Beneath this line is the data. Output exactly the lines from the line with "kii工房では、地元高島市で" to the line with "3 Pack 83A | CF283A Black Toner Cartridge.", both ends included, and nothing more.

RAW DATA:
- - - - - - -

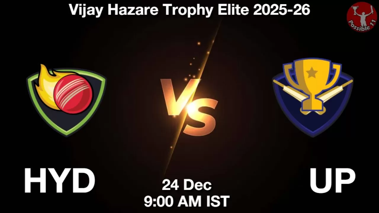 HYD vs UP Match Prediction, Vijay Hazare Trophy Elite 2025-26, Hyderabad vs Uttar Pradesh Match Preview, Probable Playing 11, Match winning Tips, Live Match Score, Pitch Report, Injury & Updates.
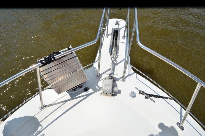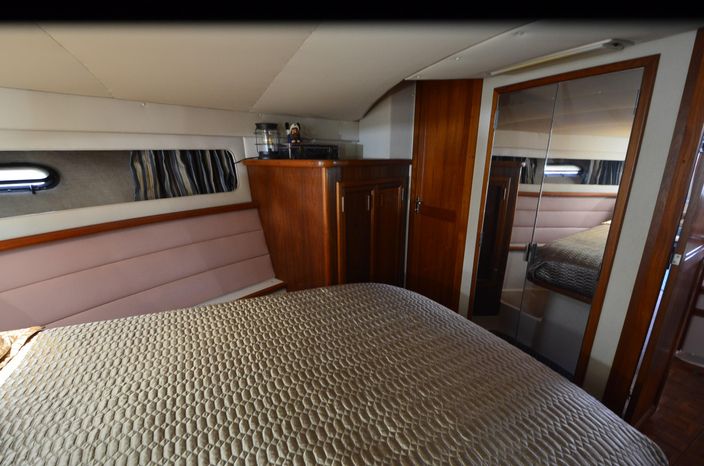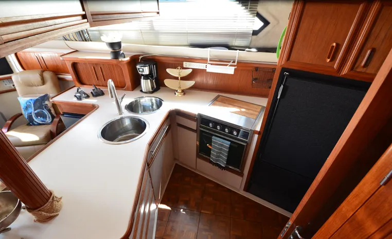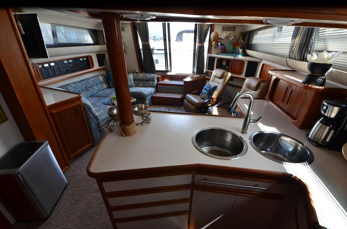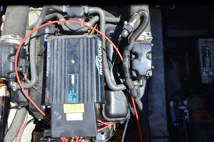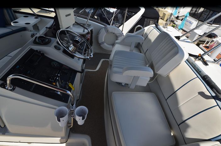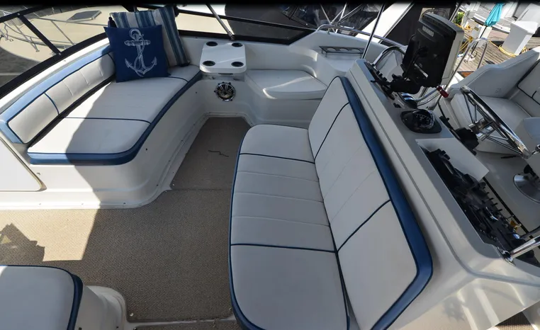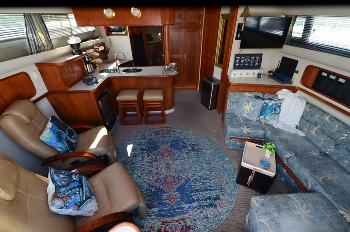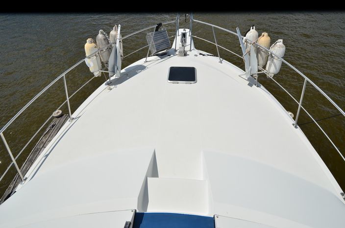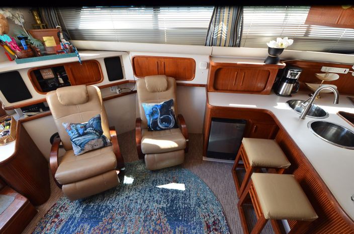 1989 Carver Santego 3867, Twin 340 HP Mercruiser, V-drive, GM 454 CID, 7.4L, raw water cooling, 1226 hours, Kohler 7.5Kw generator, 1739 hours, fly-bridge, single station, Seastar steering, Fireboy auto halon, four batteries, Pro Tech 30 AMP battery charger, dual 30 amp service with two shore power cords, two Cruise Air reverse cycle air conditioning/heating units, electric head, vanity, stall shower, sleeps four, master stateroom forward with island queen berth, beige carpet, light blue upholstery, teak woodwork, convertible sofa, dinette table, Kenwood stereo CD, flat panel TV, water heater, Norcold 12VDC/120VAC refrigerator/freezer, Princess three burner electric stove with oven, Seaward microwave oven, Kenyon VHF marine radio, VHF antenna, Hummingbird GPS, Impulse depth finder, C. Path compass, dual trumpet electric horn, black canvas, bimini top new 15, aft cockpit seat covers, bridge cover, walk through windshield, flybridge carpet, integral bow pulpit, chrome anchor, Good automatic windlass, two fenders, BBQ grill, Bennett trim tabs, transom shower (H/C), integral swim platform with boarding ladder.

- - - - - - -

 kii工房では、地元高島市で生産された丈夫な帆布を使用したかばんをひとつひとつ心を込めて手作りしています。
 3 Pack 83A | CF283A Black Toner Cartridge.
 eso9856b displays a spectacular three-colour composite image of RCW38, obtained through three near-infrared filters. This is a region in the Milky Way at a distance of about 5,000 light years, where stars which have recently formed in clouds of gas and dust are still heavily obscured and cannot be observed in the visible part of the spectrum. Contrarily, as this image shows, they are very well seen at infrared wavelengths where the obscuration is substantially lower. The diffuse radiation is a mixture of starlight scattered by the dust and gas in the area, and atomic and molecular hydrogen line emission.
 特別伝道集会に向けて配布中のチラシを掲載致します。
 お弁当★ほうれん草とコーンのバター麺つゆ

- - - - - - -

ANSWER SECTION:
 kii工房では、地元高島市で生産された丈夫な帆布を使用したかばんをひとつひとつ心を込めて手作りしています。
 3 Pack 83A | CF283A Black Toner Cartridge.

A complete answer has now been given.